Task material
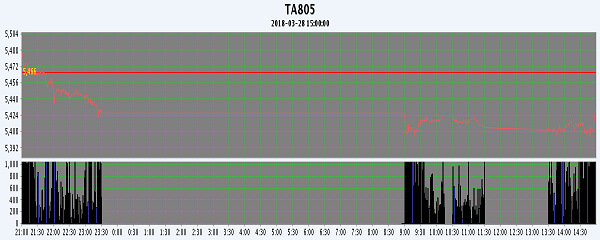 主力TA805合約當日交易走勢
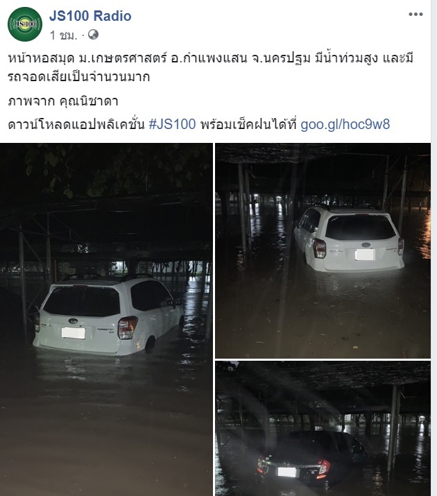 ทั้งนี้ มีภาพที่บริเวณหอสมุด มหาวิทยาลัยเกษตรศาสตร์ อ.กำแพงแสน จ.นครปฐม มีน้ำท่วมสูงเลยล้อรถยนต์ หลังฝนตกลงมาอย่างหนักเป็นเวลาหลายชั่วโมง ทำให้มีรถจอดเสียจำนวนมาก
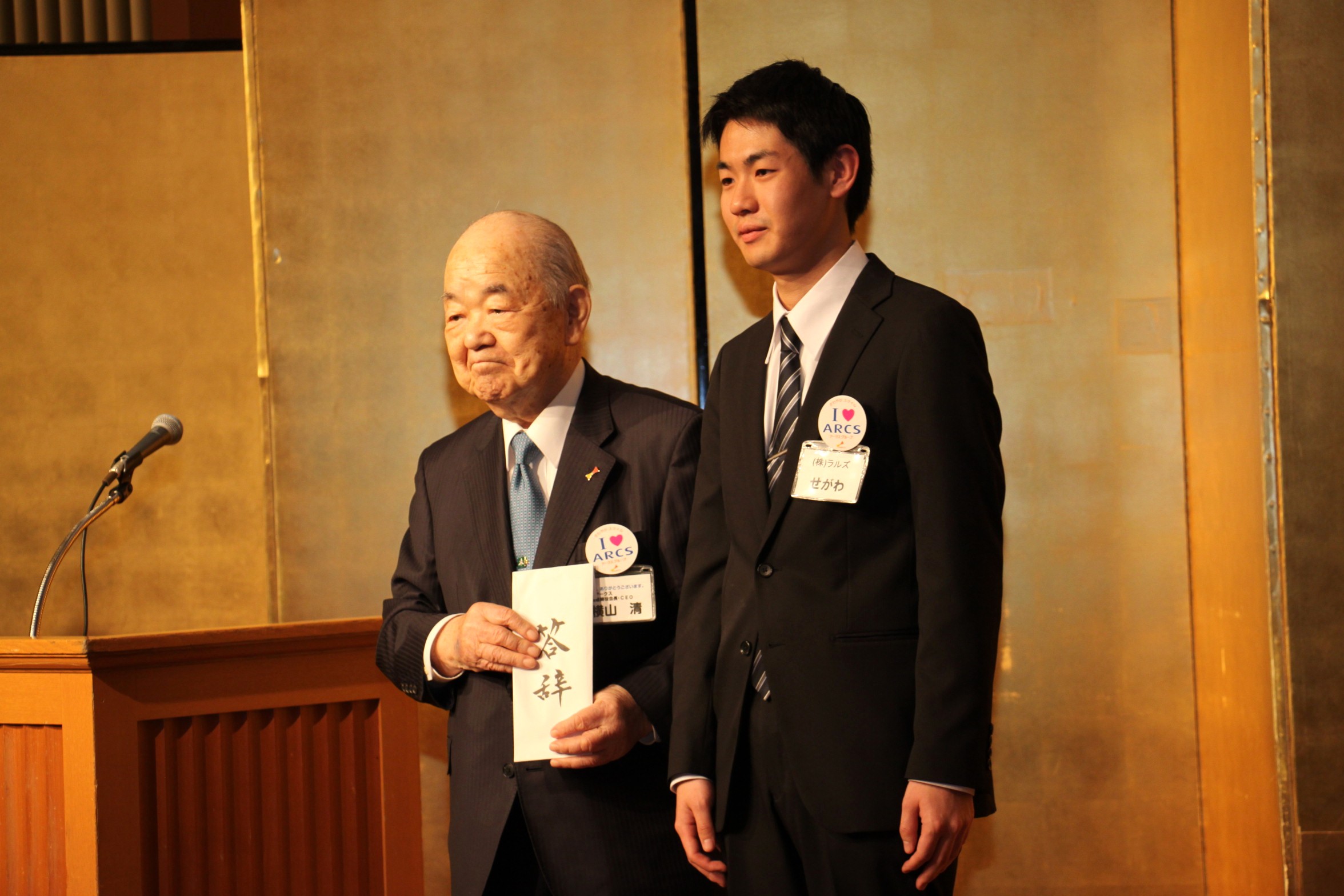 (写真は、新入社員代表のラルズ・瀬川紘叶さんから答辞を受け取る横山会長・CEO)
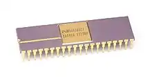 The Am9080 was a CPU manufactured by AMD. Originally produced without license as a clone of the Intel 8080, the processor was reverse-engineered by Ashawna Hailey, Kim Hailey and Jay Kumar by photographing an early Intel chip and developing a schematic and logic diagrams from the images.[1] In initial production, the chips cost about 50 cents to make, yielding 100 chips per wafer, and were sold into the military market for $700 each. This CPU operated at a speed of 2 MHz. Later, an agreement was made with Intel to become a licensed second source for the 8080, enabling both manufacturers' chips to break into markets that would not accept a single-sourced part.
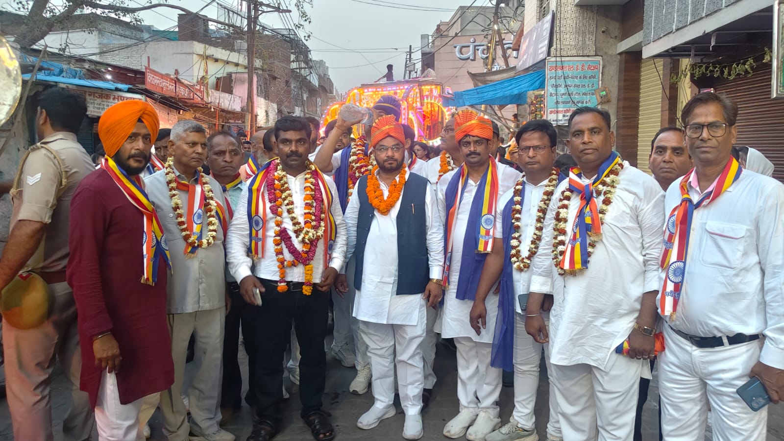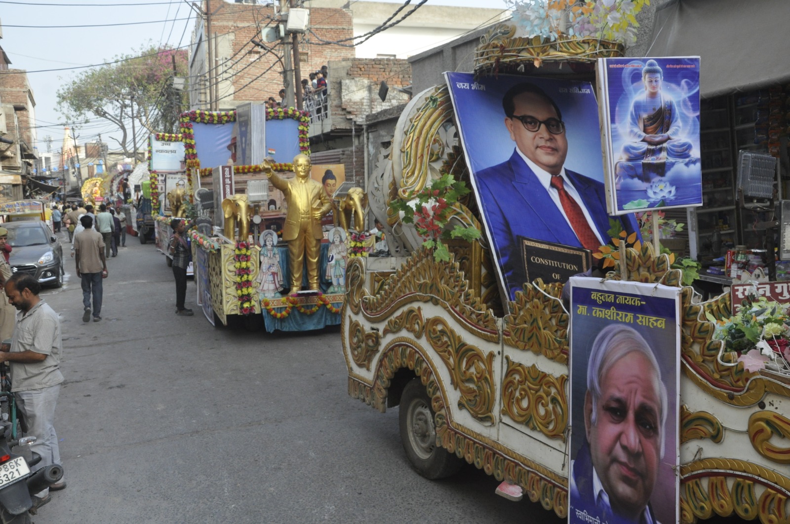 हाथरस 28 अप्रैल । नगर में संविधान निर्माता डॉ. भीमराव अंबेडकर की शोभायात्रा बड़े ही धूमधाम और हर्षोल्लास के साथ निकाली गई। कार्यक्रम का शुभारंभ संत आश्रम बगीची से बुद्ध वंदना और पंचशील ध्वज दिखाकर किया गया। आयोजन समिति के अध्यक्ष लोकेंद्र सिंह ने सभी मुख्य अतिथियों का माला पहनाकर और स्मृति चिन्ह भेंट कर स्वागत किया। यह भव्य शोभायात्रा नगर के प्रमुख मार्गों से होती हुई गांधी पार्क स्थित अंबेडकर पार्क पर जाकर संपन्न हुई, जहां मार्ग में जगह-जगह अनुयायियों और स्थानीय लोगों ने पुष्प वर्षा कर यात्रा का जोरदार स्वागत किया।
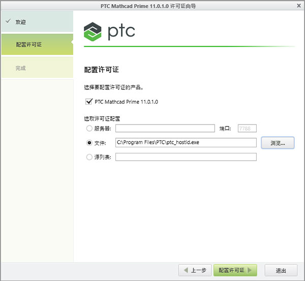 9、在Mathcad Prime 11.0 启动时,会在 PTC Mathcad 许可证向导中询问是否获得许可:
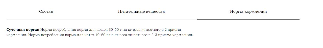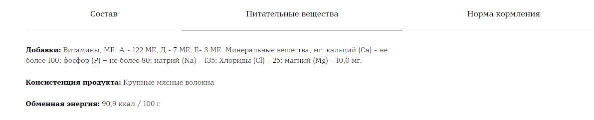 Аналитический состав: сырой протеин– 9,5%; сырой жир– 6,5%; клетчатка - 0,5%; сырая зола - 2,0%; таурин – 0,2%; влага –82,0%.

Prompt
Take the line with "9、在Mathcad Prime 11.0" as the first line and the last line of the records above as the final one; reproduce exactly the lines between them, both included, without pictures.

Exercise answer
 9、在Mathcad Prime 11.0 启动时,会在 PTC Mathcad 许可证向导中询问是否获得许可:
 Аналитический состав: сырой протеин– 9,5%; сырой жир– 6,5%; клетчатка - 0,5%; сырая зола - 2,0%; таурин – 0,2%; влага –82,0%.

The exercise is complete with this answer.